Steven Stradbrooke of CoinGeek.com writes that Blockstream CEO Adam Back has engaged in ongoing "efforts to strangle Bitcoin in its cradle", citing Blockstream's "financial incentive to artificially constrain Bitcoin’s capacity to handle transactions. Stradbrooke notes that "otherwise there would be no need for Blockstream’s proprietary off-ramps".

Back invented Hashcash, which is used in the Bitcoin mining process.

Stradbrooke observes:

It quickly became clear that Back’s initial enthusiasm for 8Mb blocks was simply a ruse to buy time while the Core camp maneuvered to outflank its large-block rivals. This duplicity was to become a pattern in Back’s dealings with the Bitcoin community in the years to come.

In February 2016, Back and five Core developers gathered in a Hong Kong hotel with a group of Chinese miners representing a significant chunk of Bitcoin’s hash power. After a contentious discussion that stretched into the wee hours, a deal was struck in which the miners agreed they would “only run Bitcoin Core-compatible consensus systems … for the foreseeable future.”

In exchange, Core agreed that the block size would be raised to 2Mb, plus whatever additional gains could be derived from incorporating Blockstream’s new Segregated Witness (SegWit) software.

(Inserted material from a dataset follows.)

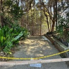 本丸の横堀は西側で40~50m崩落して居ますが、本丸の北西角下辺りから北側、東端で竪堀として落ち込んでいます。東に落ち込んでいる竪堀の上には、グレーチングの様な金属橋が架かり東端補強された遊歩道に成っている、西に樹木で鬱蒼としてますが、本丸北端切岸、土塁間に堀が続き西に堀の深さを増して北西角より南に少し落ち込み、崩落部へと続きます。

SegWit worked by stripping the signature data from Bitcoin transactions and replacing them with hashes of signature data, theoretically expanding the number of transactions one could stuff into a block.

But within months of this deal, Blockstream reneged on the original order of changes, and a shift in the narrative indicated that there would be no block size increase and that any gains would be achieved by SegWit alone. Miners felt betrayed, leading to a second agreement in New York in May 2017 that emphatically stated the protocol would continue with both SegWit and a doubling of the current 1Mb block size.

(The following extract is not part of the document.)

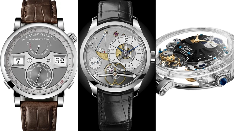 以腕錶作品為自己的觀點發聲,不炒作名人話題,也不跟風流行,有硬實力也專心致力製錶,回歸本質的智慧,為這場錶展添加看頭。首次加入 SIHH 參展,Bovet Fleurier 播威的行事作風正是如此,其中最有話題的新錶非 Récital 26 Brainstorm® Chapter One 莫屬,特殊的「寫字斜面形」藍寶石水晶透明錶殼一秒吸睛,前所未見的斜形架構與搭載的多重專利複雜功能(12點鐘位置的分鐘錶盤設有立體月相顯示,4點鐘位置的「新月形」顯示動力儲存, 8點鐘位置是大日曆,6點鐘位置為雙面飛行陀飛輪),360度完整呈現眼前,大大增強賞錶趣味。A.Lange & Söhne 朗格的招牌系列Lange 1今年適逢推出第25年,周年紀念款在時標、指針、日期數字與錶背的夾板都以迷人深藍呈現,突顯面盤佈局的不對稱美學。另一新作 Zeitwerk Date 則是溯源10年前發表的跳字顯示功能,新錶最大的特點在於錶盤外圈增加了可快調、由紅色色塊顯示的日期環;而橫跨錶盤的德國銀製「時間橋」,讓橫向排列的小時窗與雙位數分鐘窗更加一目了然,並上下劃分為動力儲存指示與小秒盤,是一款風格強烈又兼具製錶內涵的話題作品。以「Art of Invention 發明的藝術」為最高指導原則,Greubel Forsey 高珀富斯發表兩款新作,首先是 Art Piece Edition Historique 藝術品系列復刻紀念版腕錶,多層次面盤具備30度雙體陀飛輪(左下)、小秒盤(左上)、時分指示(右上)與動力儲存指示(右下),同樣引人矚目的是時分指示環上,微型雕刻的1045個字彙,雖然讓判讀時間需要花點功夫,卻是刻意要時分顯示退位,以彰顯品牌製錶哲學的巧思。看了GF拿手的高複雜功能與大型錶殼尺寸,這款 Balancier Contemporain 擺輪腕錶則相對簡約輕巧,既然發揮的「空間」變小了,更要講求高效與精確,製錶師直言製作這款腕錶最大挑戰,是將大尺寸的機戒裝置縮小,同時得要兼顧美感比例及錶盤獨特立體結構的和諧;最終的成品,由煥然一新的顯示方式、多層機構、不同金屬材質、色調和打磨效果..等等元素彼此相映成趣,展現GF掌握機械與美感的功力。

Stradbrooke describes Blockstream as a future Bitcoin version of Walmart,  "a vertically-integrated custodian that will continue to publicly sing decentralization’s praises even as it consolidates ever greater power in its own hands."

He concludes: "Adam Back wanted to be seen as Bitcoin’s progenitor. Instead, he will go down in history as one of the chief architects of its demise."